A look at the author

Preston, David George

b London 1939. d 2020. Archbishop Tenison’s Grammar School, Kennington, London; Keble College Oxford (MA Mod Langs.) He worked as a French Teacher, including 11 years at Ahmadu Bello Univ, Nigeria, and gained a PhD on the French Christian poet Pierre Emmanuel (1916 84). A member of Carey Baptist Ch, Reading, for many years, he later moved to Alweston, nr Sherborne, Dorset.
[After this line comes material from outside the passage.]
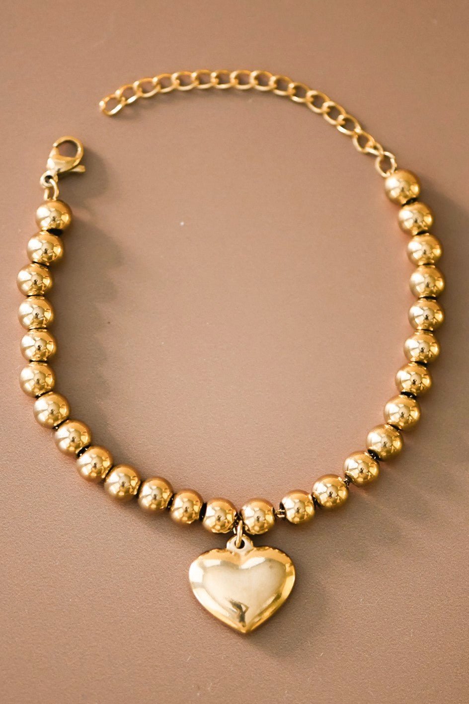 18K gold plated stainless steel beaded chain bracelet with heart charm.

He compiled The Book of Praises (Carey Publications, Liverpool) in 1987, with versions of 71 Psalms; these include modified texts of Watts and a few other classic paraphrasers, but most are by contemporary writers including himself. 60 of his metrical Psalm versions are so far published, including one each in Sing Glory (2000), the Scottish Church Hymnary 4th Edn (2005) and Sing Praise (2010), and 3 in the 2004 edn of CH; also 10 tunes. His writing and composing has taken place in Leicester, Reading, Nigeria and his present home; he was a member of the editorial board throughout the preparation of Praise! and had a major share in the choice of music for the Psalm texts (1-150). His convictions about the Psalms, as expressed in the Introduction to BP, are that ‘There is nothing to compare with their blend of the subjective and the objective, the inner life and practical goodness, the knowledge of one’s own rebellious heart and the knowledge of God…Today’s general neglect of congregational Psalm singing is a symptom of the spiritual malaise of our churches. When the preaching of the Gospel has prospered, bringing into being churches vibrant with spiritual life, men and women have taken great delight in praising their Maker and Redeemer through these scriptural hymns’. 15 of his own, self-selected, feature as his share of ‘contemporary hymns’ in the 2009 Come Celebrate; he has also served as a meticulous proof-reader. Nos.1, 2A, 5*, 6, 7, 11, 15, 16, 17, 19A, 24A, 27A, 30B, 32*, 33*, 38, 40, 42, 43, 47, 51*, 52, 55, 57*, 64, 66, 74, 76, 77, 84, 90, 91A, 96*, 97, 99, 100B, 101, 114*, 120, 126, 132, 139, 142*, 143, 145A, 147*, 824*, 830*, 963*.